FastFlowTransform (FFT) is a SQL + Python data modeling engine with a deterministic DAG, parallel executor, optional caching, incremental builds, auto-generated docs, snapshots, and built-in data-quality tests. The fft CLI orchestrates compilation, execution, docs, validation, and history tracking across DuckDB, Postgres, BigQuery (pandas + BigFrames), Databricks/Spark, and Snowflake Snowpark.

Use this page as the front door into the docs: start with the orientation section, then jump to the guide that matches the task you have at hand.


Table of Contents


Quick Orientation

  • New to FFT? Read the Quickstart for installation (venv + editable install), seeding, and the first fft run.
  • Want the bigger picture? The Technical Overview explains the project layout, DAG, scheduler, registry, executors, and the roadmap snapshot.
  • Learning the CLI surface area?

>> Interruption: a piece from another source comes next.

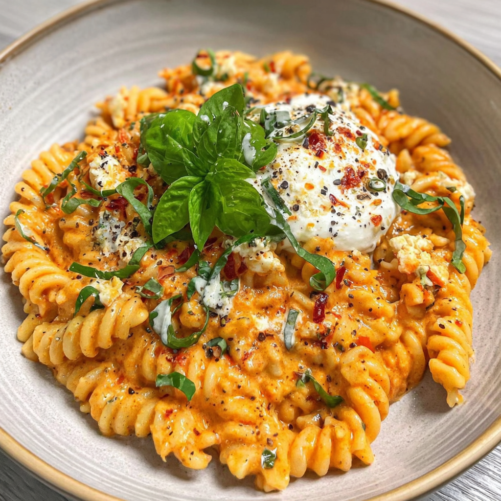 Simple Roasted Red Pepper Pasta with Creamy Burrata
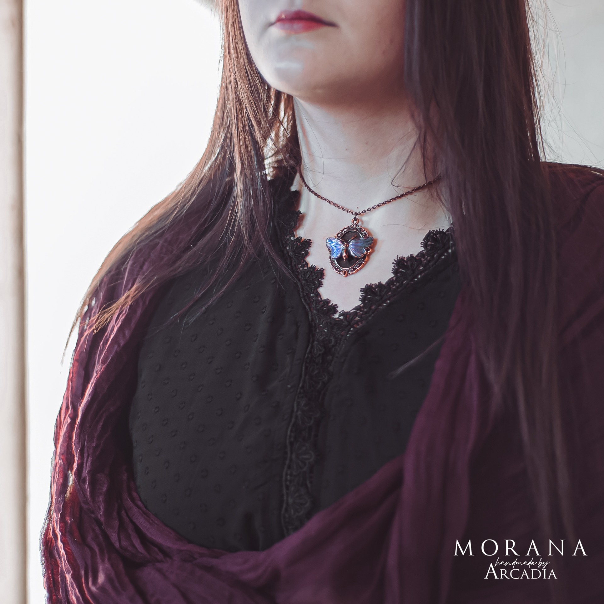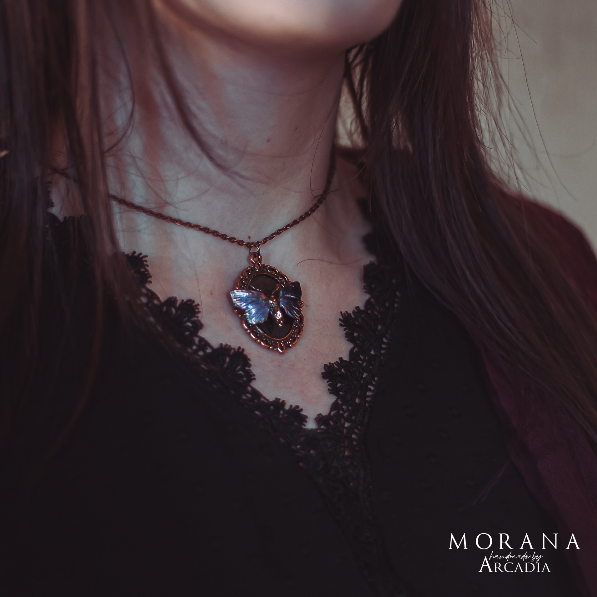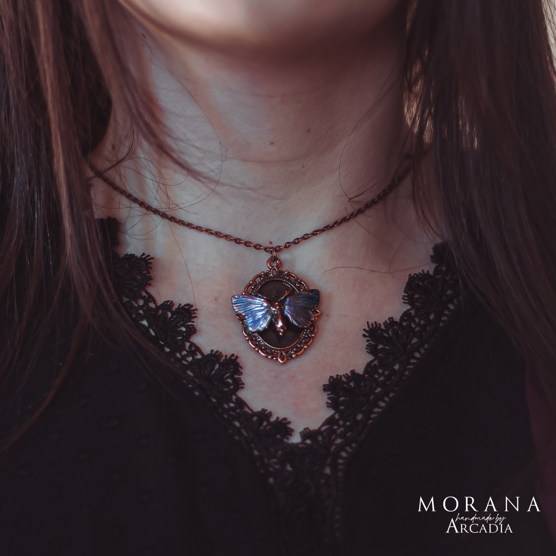 Zdobný medailonek se skutečnou pokovenou můrkou s třpytivými modrými křidélky. Jemný bižuterní řetízek. Vyrobeno rukama a srdcem v alchymistické dílně na severu Čech.

Browse the CLI Guide for command groups such as fft run, fft snapshot run, fft dag, fft docgen, fft test, and fft utest.

Build & Run Projects

  • Project layout & CLI workflow: Pair the “Project Layout” chapter of the Technical Overview with the CLI Guide to understand how fft run, fft test, and fft dag fit together.
  • Profiles & environments: Profiles & Environments covers executor profiles, environment overrides, credential handling, and engine-specific flags.
  • Runtimes & observability flags: Logging & Verbosity explains log levels, JSON logs, progress indicators, and metrics toggles during fft run.
  • Local runtimes & engines: Local Engine Setup walks through DuckDB, Postgres, Spark/Delta, BigQuery, and Snowflake Snowpark bootstrapping for the demos.
  • CI-friendly workflows: CI Checks & Change-Aware Runs introduces fft ci-check and fft run --changed-since for structural validation and diff-aware pipelines.

Modeling & Configuration

  • SQL + Python authoring model: API & Models documents the Python node decorators, HTTP helper (fastflowtransform.api.http), and how ref() / source() bindings work in both SQL and Python models.
  • Templates, macros, and config keys: Configuration & Macros lists the config(...) options, reusable macros, helper functions, and naming rules for .ff.sql / .ff.py.
  • Project-level metadata: Project Configuration describes project.yml, default materializations, tags, exposures, docs strings, and the models/ hierarchy.
  • Sources & seeds: Sources shows how to register upstream tables/files, snapshots of raw data, and how state tracking interacts with sources.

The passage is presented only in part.